While Botton survives, many communities built on a similar model have closed. Guided by official policy that is hostile to them, fewer and fewer councils — which ultimately fund them — will place people in them. Being on spacious sites which count as brownfield land, they have also become easy prey for property developers.

Not everyone, however, is convinced that their closure is part of a path towards enlightenment. Many residents have been uprooted after living in communities for years. Last week I was talking to a mother whose 27-year-old Down’s syndrome daughter has recently moved out of a village community. When the daughter first moved there eight years ago it was a happy place with 60 residents,  a football field, workshops and greenhouses. Residents could move around freely without having to worry about traffic. Then numbers began to dwindle until it became a ghost community with half a dozen residents left. Last summer, the daughter’s boyfriend was taken out: an event which led to her leaving, too.

At present she is living back home with her 66-year-old mother, but the council has suggested that she moves into Supported Living. It won’t mean more freedom: she will be hampered in her ability to live in an urban environment by a lack of spatial awareness that makes crossing a road by herself impossible. She will need a full-time resident carer.

It will also be far more expensive for the taxpayer. In her village community there was one full-time carer for 14 residents; in future her living arrangements will require one carer for every four people. Like other people in Supported Living, she will have to be ferried around by taxi to distant workplaces and other activities — something which used to be on site. While the model of Supported Living assumes that there are always day centres, college courses and work placements to ensure residents have an active social life, many of these services have been cut.
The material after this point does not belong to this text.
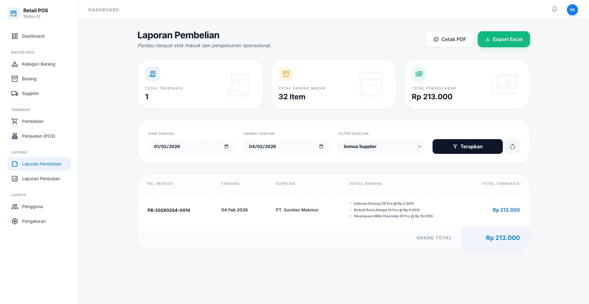 Halaman kasir reaktif dengan Alpine.js untuk input cepat. Laporan penjualan dan pembelian dapat diekspor secara instan ke format Excel dan PDF yang rapi, lengkap dengan filter rentang waktu presisi.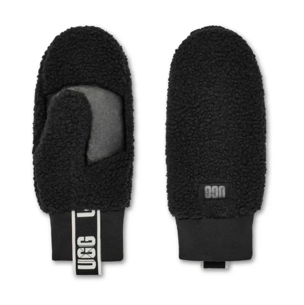 UGG Fluff Mitten With Logo Tape kombinerer blød sherpa-isolering med en forstærket læderhåndflade til hverdagsbrug i koldt vejr. Designet til nemt at tage af og på, og kombinerer fluffy varme med logo-detaljer. Vigtigste egenskaber: Sort | Sherpa | Isoleret faux-fur foring | Varm fleecekonstruktion | Strækbare stormmanchetter | Brandede trækstropper for nem af- og påtagning | Læderhåndflade for greb og forstærkning | Vante silhuet | Fluffy sherpa ydre | Læder logo patch | Logo tape detalje | Dimensioner og pasform: Fås i S/M og L/XL | Sammensætning og pleje: Akryl | Modakryl | Polyester sherpa | Faux fur foring (polyester) | Læder (logo og håndflade) | Pletrens stoffet; professionel læderrens til læderdele.

A comparison of social care costs by the now-defunct Personal Social Services Research Unit at Kent University in 2010 revealed that to keep a resident with severe learning difficulties in a village community costs an average of £1,105 per week. To keep a resident in Supported Living, with no more than four residents per property, costs £1,577 per week.

Local authorities have a perverse incentive to favour the latter, however, because turning a resident out of a village community and into Supported Living saves them money. A local authority pays the full fees of a resident in a village community, but for a resident in Supported Living the authority only has to cover the costs of providing the carers. Rent for the property is covered by housing benefit, paid from central government funds.

The scandal of Winterbourne View — the Bristol hospital closed after a BBC Panorama exposed physical abuse within its walls — has provoked more hostility towards anything which even vaguely resembles an institution. Yet few appreciate that Winterbourne View was a psychiatric assessment unit, not a home. In December the government announced the closure of all units like Winterbourne View.

Moving people to ordinary housing in ordinary urban locations is, however, hardly a guarantee against abuse. For many it has been a recipe for becoming bullied and exploited. Two years ago the Foundation for People with Learning Difficulties published a study into the experiences of 67 randomly selected individuals living in the community. Among this group, one man was befriended by a prostitute who proceeded by take over his flat to use for her clients. Another was adopted by a gang who used him to buy their drugs. Another had his kitchen taken over by a kebab joint, which used it as an overflow facility.

Given the lives of many people in our urban ghettos, that is a kind of ‘normalisation’, I suppose. Whether it is better for the individual than life in a dedicated community is another matter.